Conversation between Carnatic and Classical Part 2

Dear Bijoy:
Thanks for your missive on Bach, the fugue and the music of the Renaissance period.  I found them to be very interesting.  What is mordent? What are grace notes and trills?
Is the below one piece or a compilation
Why do you think western music was able to diverge into the harmonic path, while Indian music continued on the gayaki path that you talk about? Is it because Indians didn’t think “instrumentally?”
Ok, my turn.  I am not an expert in Carnatic music so I will tell you what I know.  Also, my tutorial will meander unlike yours which follows logic 🙂
The most famous composers of Carnatic music are Thyagaraja, Muthuswamy Dikshitar, and Shyama Shastry, all of whom were more or less contemporaries.  They are called “The Divine Trinity” and had signatures.  A Thyagaraj krithi or song will end with his name in the last line.  Dikshitar’s signature was ‘guruguha’ which would come in the last paragraph or charanam.  Shyama Shastry’s signature was “Shyama” also towards the end of the krithi.  This way, novices can figure out the composer.
A Carnatic krithi is divided into three parts: Pallavi, usually containing two lines.  Anupallavi, with four lines.  And charanam of varying length.  Now, on to the composers
Thyagaraja: The most salient thing about Thyagaraja is that all his songs were infused with bhakti.  They were like conversations to God.  Lord Rama, in particular, was his favorite deity and he composed hundreds of krithis on Rama, often asking/beseeching the Lord to give him divine grace.  There is a famous group of Utsava Sampradaya krithis, as they are called, which serenade Lord Rama from dawn to dusk.  The first one is called “Meluko Vayya” or “Wake up Lord” and is set in the morning raga, Bowli.  And on it goes throughout the day/life till we put the Lord to sleep with the beautiful sleep=inducing ragam, Nilambari, which all Tambrahm mothers use to hum their infants to sleep.  The lullaby to put Lord Rama to sleep is “Uyyala Logavayya.”
A famous Thyagaraja krithi is Nagumomu and it happens to be one I love.  A long time ago, I asked Jayalalithaa, the CM of Tamilnadu, what her favorite ragam was and she said, “Abheri.”  It is a good choice and this song is set in raga Abheri.  Carnatic aficionados like my friend, Srikantan in the Bay Area, will know various versions of this particular song– who sung it best in which concert.  In fact, Srikantan told me a long time ago that Balamurali Krishna (who happens to be my guru) sang a version of Nagumo in Narada Gana Sabha of Chennai in 1983 and it gave him goose bumps.  To appreciate Thyagaraja, you need to know Telugu, which I don’t.  His lyrics are simple and sweet.  They are explained in the below website/
In terms of rendition, there are several renditions.  I am going to give you a modern version
Here is a traditional version, but I don’t necessarily like it too much.
Here is a snippet of the “Laali” song, which is the putting to sleep song in Nilambari ragam.
Next time, Dikshitar.  I spent the last hour listening to wonderful songs!
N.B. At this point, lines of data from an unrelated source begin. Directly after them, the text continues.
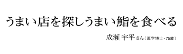 「カツオもね、戻りガツオを食べる風習はなかったと思う。活きがよくてさっぱりした初ものを好んだ。でも鮨は結局、ネタとシャリのバランス、そして握りたてであること。できれば30秒以内がいい。だからカウンターで食べるとうまいんだろうね。せっかく食べるんだから、うまい店を探して食べることが肝心。うまいと感じると唾液の分泌が盛んになり、消化もよくなる」
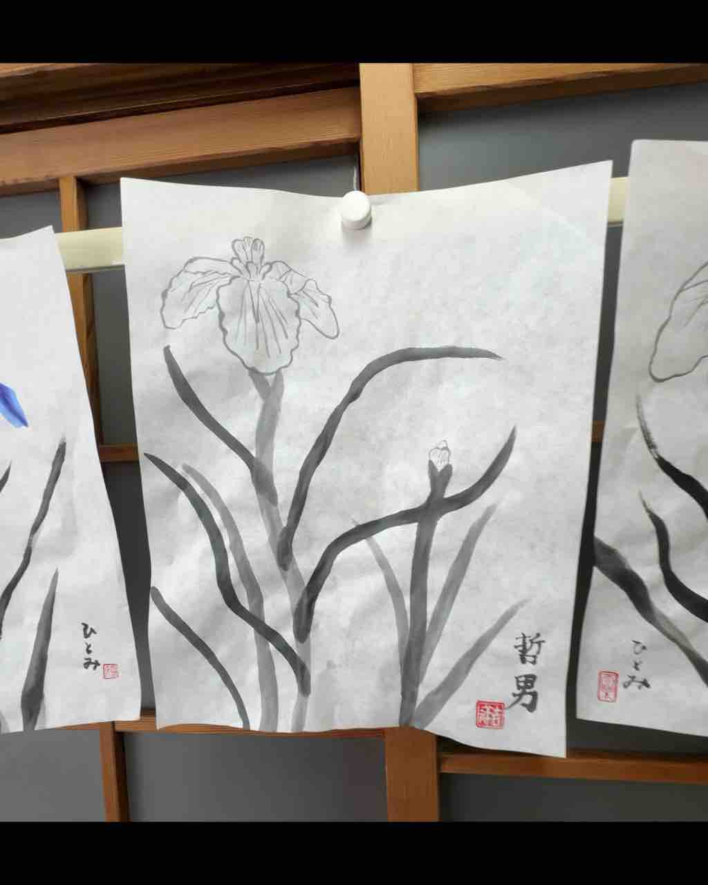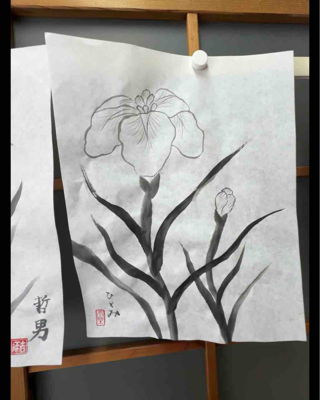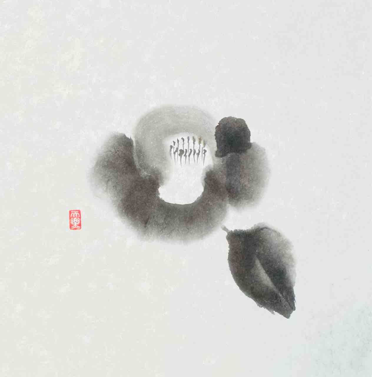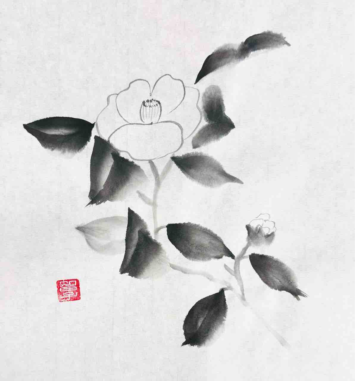 国際墨画会水曜英語対応クラス生徒さん作品。椿を描きました。紅の花びら一枚を、一筆でグラデーションを使いながら描いていきます。筆遣いに慣れるまで時間がかかりますが、皆さん美しい椿が描けました🌺
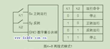 P5.11=1二線制模式;運行/換向(端子啟停)
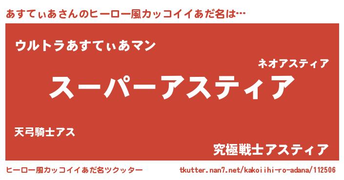 | 意味不明あだ名 | 『ペロリンあすてぃあ』『自称あすてぃあ』 |
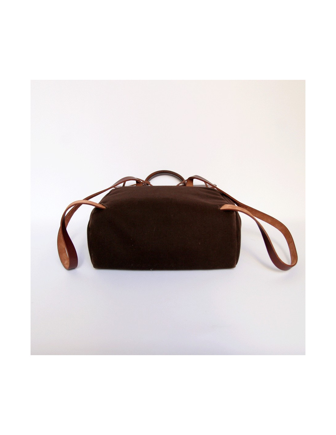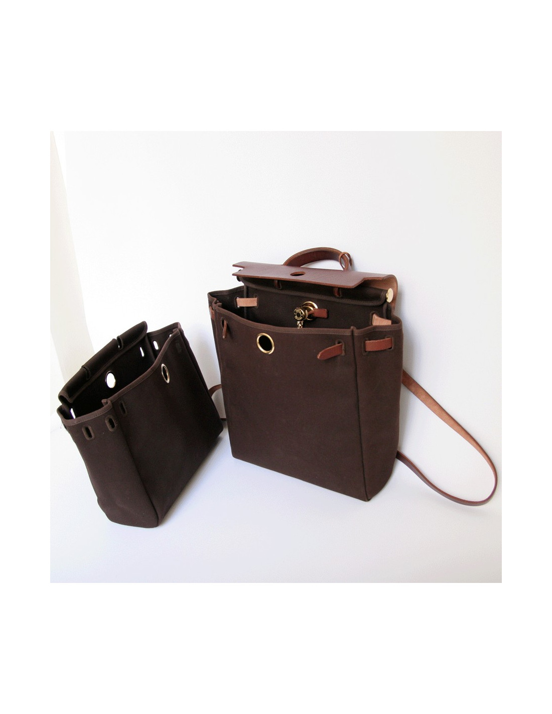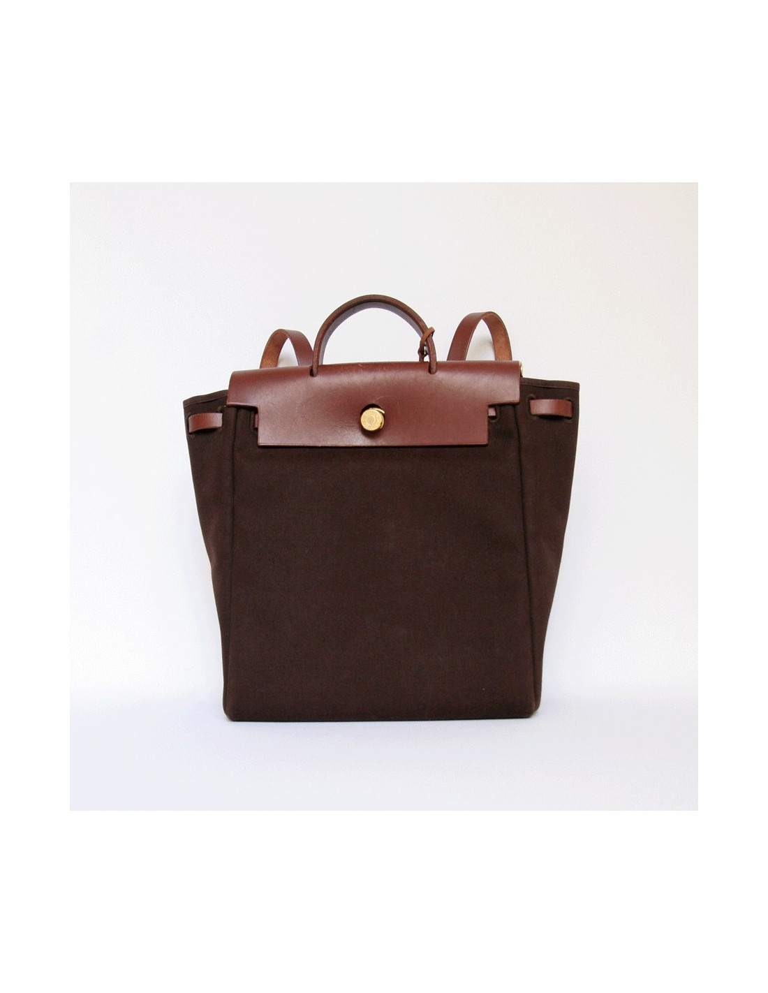 Traditional chocolate canvas bag HERMES Herbag. The rabat and the handles are calf leather. A large main cargo to put all your accessories. It is hand or bag backpack.
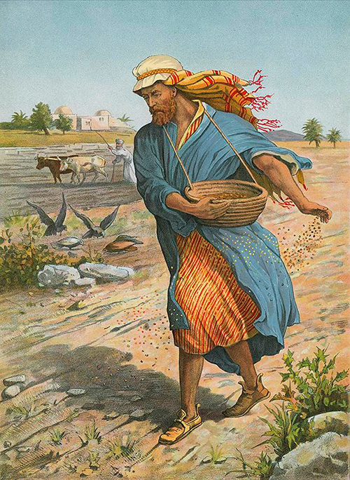 “Salió un sembrador a sembrar su semilla. Al ir sembrando, unos granos cayeron en el camino, la gente los pisó y los pájaros se los comieron. Otros cayeron en terreno pedregoso, y al brotar, se secaron por falta de humedad. Otros cayeron entre espinos, y al crecer éstos, los ahogaron. Los demás cayeron en tierra buena, crecieron y produjeron el ciento por uno”. Dicho esto, exclamó: “¡El que tenga oídos para oír, que oiga!”.
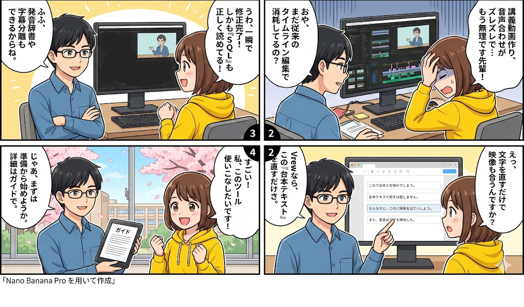 VrewはPDFスライドからAI音声付き動画を作成するソフトウェアである。テキストベース編集により、台本の修正が音声と映像に自動反映される。利用前に料金プラン、機密情報の取り扱い、技術的制限を確認すること。
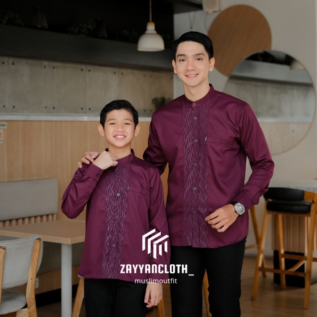 Baju Koko Couple Ayah dan Anak Lengan Panjang Bahan Toyobo Premium Kombinasi Embos
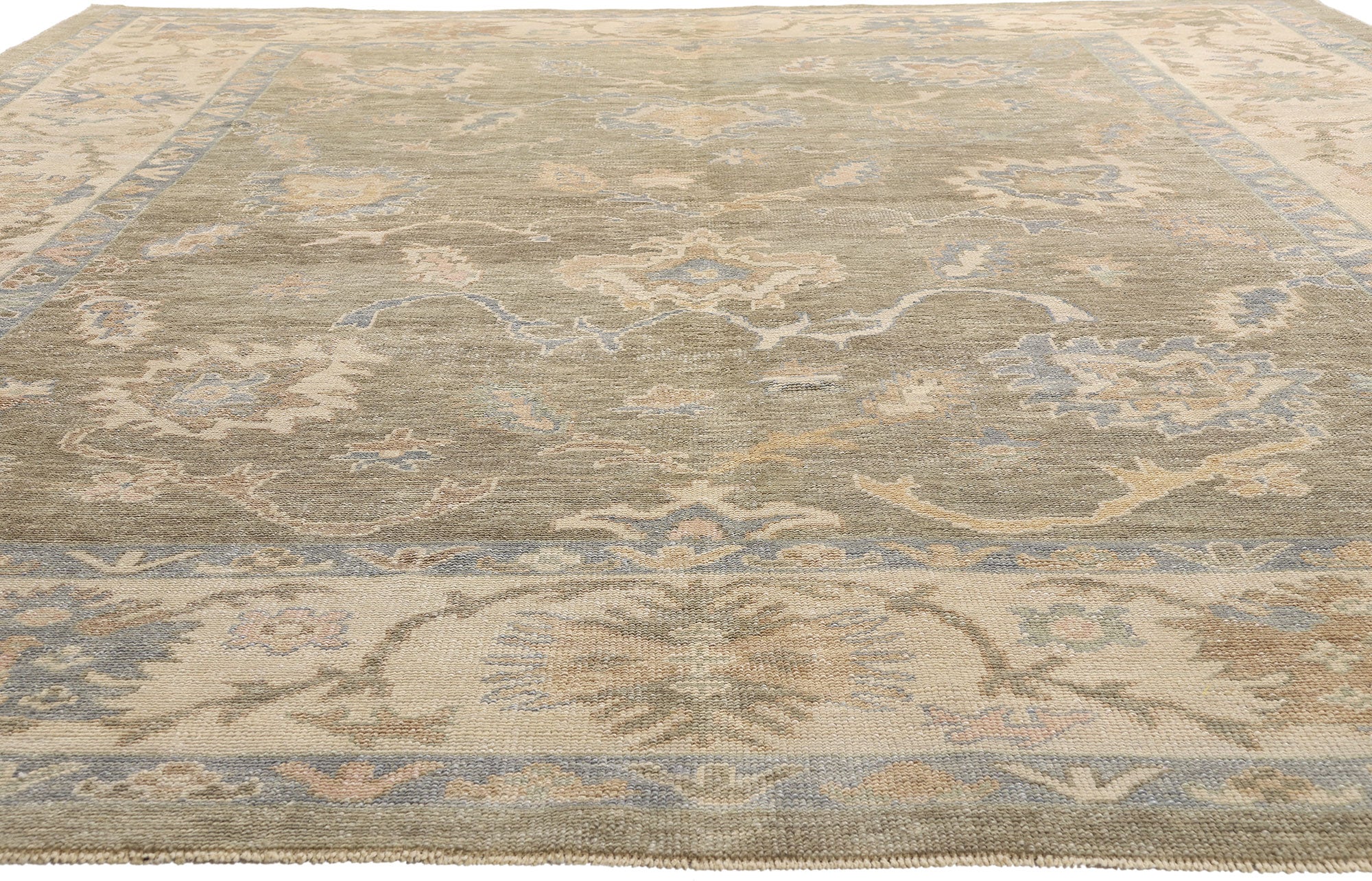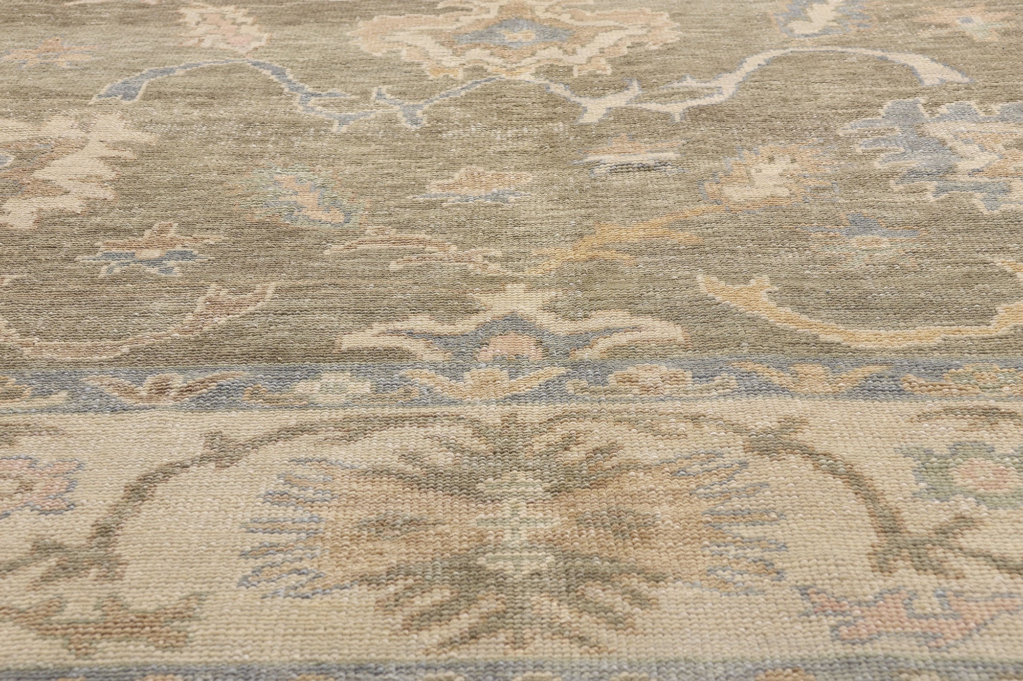From the historic weaving ateliers of Anatolia emerges this hand-knotted wool modern Turkish Oushak rug, a serene composition that transcends fashion and time. Its presence is one of hushed grandeur—elegance expressed through understatement rather than ornament. The earth-toned field breathes warmth and quiet sophistication, evoking the natural harmony of sunlit stone and aged timber. This is not a rug that shouts for attention; it commands it softly, through balance, proportion, and the tactile poetry of its weave.
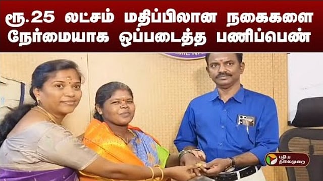 சென்னை அயப்பாக்கத்தில் உள்ள திருமண மண்டபத்தில் தவறவிட்ட ரூ.25 லட்சம் மதிப்பிலான வைரம் மற்றும் தங்க நகைகளை பத்திரமாக ஒப்படைத்த பணிப்பெண்ணுக்கு 4 கிராம் தங்க மோதிரம் பரிசாக வழங்கப்பட்டுள்ளது. நடந்தது என்ன விரிவாக பார்க்கலாம்...
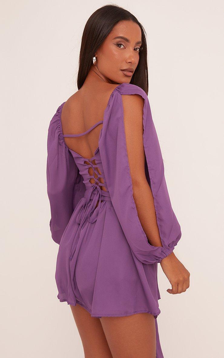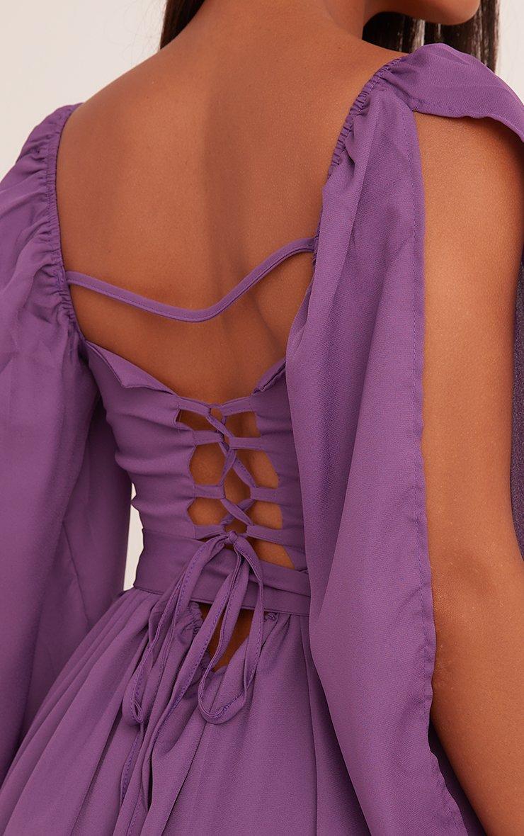 Long Split Sleeve Tie Waist Flippy Hem Mini Dress In Plum
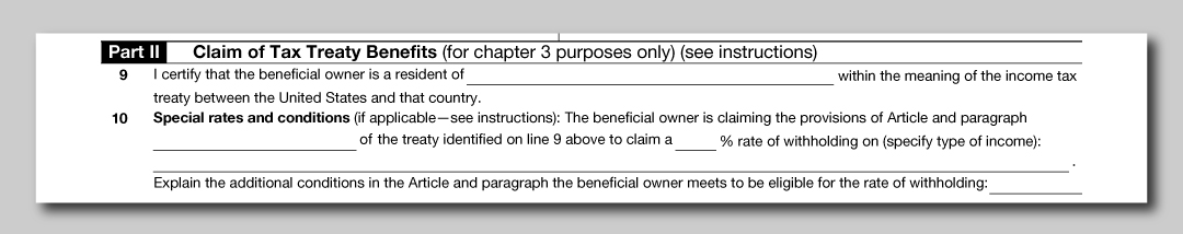 En los puntos 9 y 10 deberás completar en el caso de solicitar beneficios tributarios por tratado entre EE. UU y su país de residencia.
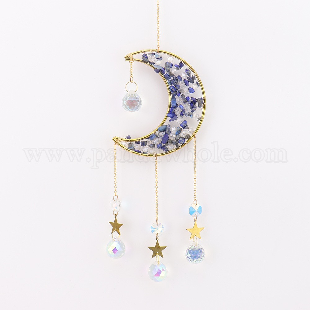 • Ляпис-Лазурь Ловец солнца в форме луны, обмотанный медной проволокой из натурального лазурита., Подвесное украшение для окна в виде звезды из стекла для дома., 485x87x22 мм
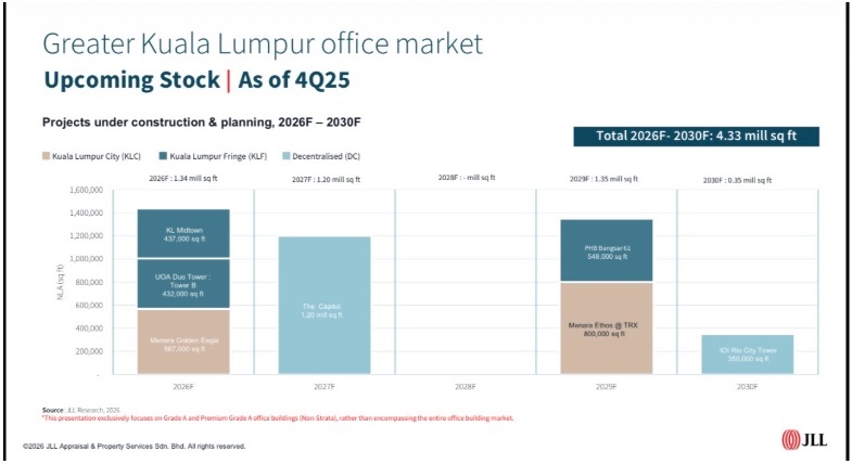The building in question is The Capitol at Bandar Utama, Petaling Jaya, set for delivery in 2027, while no additional Grade A supply is projected for 2028, said JLL Malaysia head of office leasing advisory Quiny Lee during its 4Q2025 property market briefing here on Tuesday.

What fun.
n 14-Nov-2012, at 12:40 PM, ji wrote:
Dear Shoba,
In my last tutorial, I spoke of the Renaissance period of Western classical music. Before proceeding to the Baroque period, it would be very useful to summarise the salient aspects of the Renaissance period as it will help in maintaining the thread of the argument I am trying to develop.
The two significant developments in the Renaissance period were the beginning of the classification of the human voice into registers and the start of the use of major and minor keys. This could be called the beginning of harmony which is nothing more than a pleasing succession of chords and chords are a pleasing collection of notes played simultaneously according to a set of pre-ordained rules.
I do not know much about Carnatic music but this was certainly when western music began to diverge from Hindustani music. In Hindustani music no instrument may do what the human voice cannot. The gayaki style exemplifies this the best. Also, Hindustani music developed a sophisticated theory of melody. Tansen, who is generally credited with the codification of the ragas, did so in the fifteenth Century.
The Baroque period (c.1600 – c.1750) made progress in the harmonisation of music in fits and starts. I say this because, in other spheres of human activity, there were stalwarts like Isaac Newton (1642 – 1727) and Rene Descartes (1596 – 1650) who must have given a musical genius like Bach his fascination for metronome-like precision.
This inspired him to write many fugues, the best example of which is:
The best definition of a fugue is in Wikipedia:
In music, a fugue (play /ˈfjuːɡ/ fewg) is a compositional technique (in classical music) in two or more voices, built on a subject (theme) that is introduced at the beginning in imitation(repetition at different pitches) and recurs frequently in the course of the composition.
Another aspect of the Baroque period is the technical development of the instruments. Thus the precursor of the modern piano, the harpsichord, was developed. It also had a foot or pedal keyboard:
Johann Sebastian Bach (1685 – 1750) was a very prolific composer of both religious and secular music. In his later life he wa the organist and choir master of St. Thomas’ Church in Leipzig where he was required to write music for every Sunday Mass but even earlier, he wrote many famous religious works like his Christmas Oratorio:
and the Mass in B minor. Here is the Kyrie (Kee-ree-ay) or Lord have mercy. Notice how he wields the different parts of the choir. This is probably because he himself was a boy soprano when he was a kid.
There was another facet to Bach’s musical genius – that of a great teacher. In fact he wrote the Well-Tempered Clavier only to teach his students the intricacies of the keyboard. It went on to gain fame in its own right.
I have spent a fair bit of time on Bach he is generally considered one of the 3 greatest composers ever. This leaves me with no choice but to have more tutorials for the rest of the Baroque period.
I hope you like it.

8 thoughts on “Conversation between Carnatic and Classical Part 2

  1. Subramaniam:

    I’m not sure why you got the idea I was comparing performers. I wasn’t. Yo Yo Ma and Lata Mangeshkar are pure genius as performers. My comment was about the composers and the process of music composition Indian vs Western.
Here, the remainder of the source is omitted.